I'm going to assume the actual problem is: (cos (pi*x) + 1) /(x-1) as the lim of x->1. If you plug in the values you'll notice the problem it's indeterminate type (0/0). Therefore, you must use L'Hospital's rule: f'(x)/g'(x), that means find the derivative of the numerator and denominator.

Thus Dx(cos(pi*x)+1)/(x-1) = [(-Sin(pi*x)(pi) + 0)/(1)], plug in the value for x, you get: zeroth.

[Kohan]

Originally, I read this as "Cactus Help." I'm disappointed that's not what this thread is about.

[Kaelia]

We haven't learned l'Hopital's rule yet.
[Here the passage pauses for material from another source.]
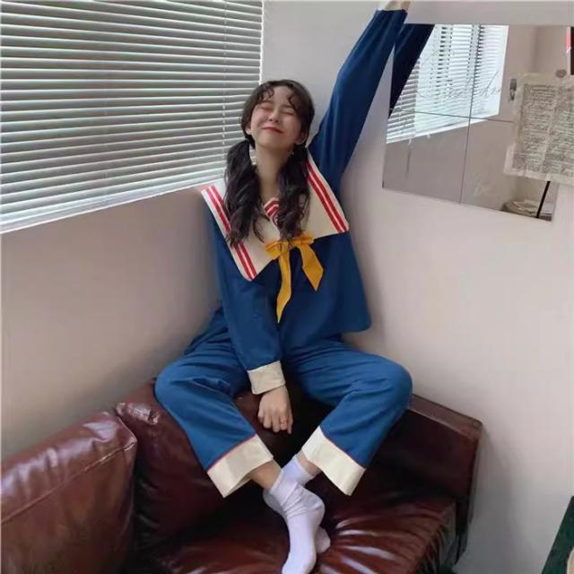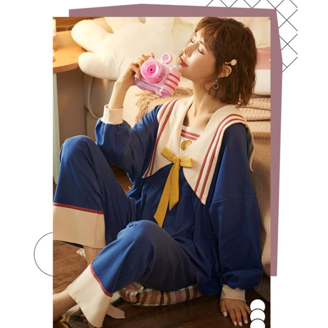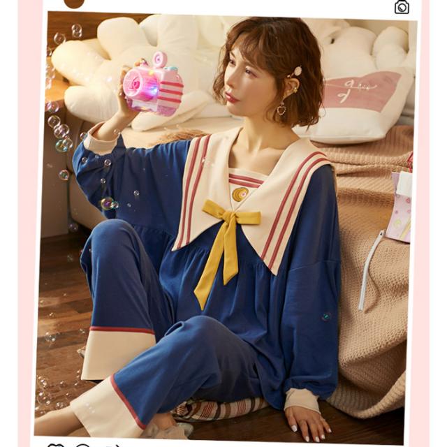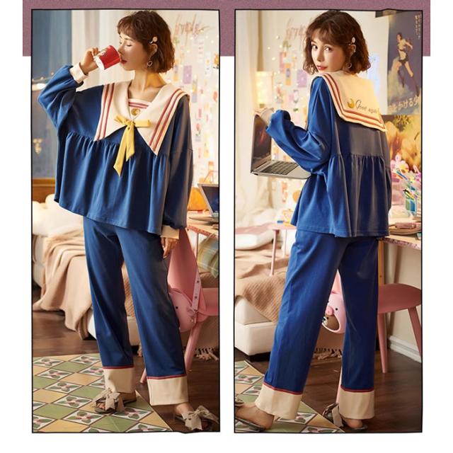 部屋着 パジャマ 上下セット 長袖 セーラー 寝間着 ポケット付き ルームウェア 春夏 コットン 女性 かわいい 大きいサイズ レディース 誕生日 ギフト 結婚祝い プレゼント dh298c0h5

I don't know if he thinks we learned it in pre-calculus or not. I'm also not sure what it means to find the derivative; haven't heard of that yet either. Can anyone explain to me basically how to do that so that it's actually plausible for me to use that method as my solution? Thank you guys very much for the responses so far.

[Demosthenes11]

lol don't worry about l'Hopital. You will learn that toward the end of the semester / next semester. You'll be doing derivatives in about a week as well, so don't worry about that either. I played briefly with this and couldnt really get it, but I haven't done elementary methods of limits in a long time.

Don't hate the class, gotta love math!

[Galois]

First, let us show that the limit as x approaches 1 of sin(pi*x)/(x-1) is -pi. This will be done by using a substitution.

Let x=(pi-t)/pi. This means that t=pi-pi*x. So, when x=1, t=0.

We now have:

lim_t->0 sin[pi(pi-t)/pi]/[(pi-t-pi)/pi]

=lim_t->0 sin(pi-t)/(-t/pi)

=-pi*lim_t->0 sin(pi-t)/t

=-pi*lim_t->0 sin(t)/t (since sin(pi-t)=sin(t))

=-pi*1=-pi.


Now that we know this fact, we can evaluate the limit.

lim_x->1 [cos(pi*x)+1]/[x-1]

=lim_x->1 [(cos(pi*x)+1)(1-cos(pi*x))]/[(x-1)(1-cos(pi*x))] (multiply the numerator and denominator by (1-cos(pi*x))

=lim_x->1 (1-(cos(pi*x))^2)/[(x-1)(1-cos(pi*x))] (difference of squares)

=lim_x->1 (sin(pi*x))^2/[(x-1)(1-cos(pi*x))] ( since (sin k)^2 = 1-(cos k)^2)

=lim_x->1 sin(pi*x)/(x-1) * lim_x->1 sin(pi*x)/(1-cos(pi*x))

=(-pi) * 0

=0

[Kaelia]

Bless you, kind sirs. You have made tomorrow a better day.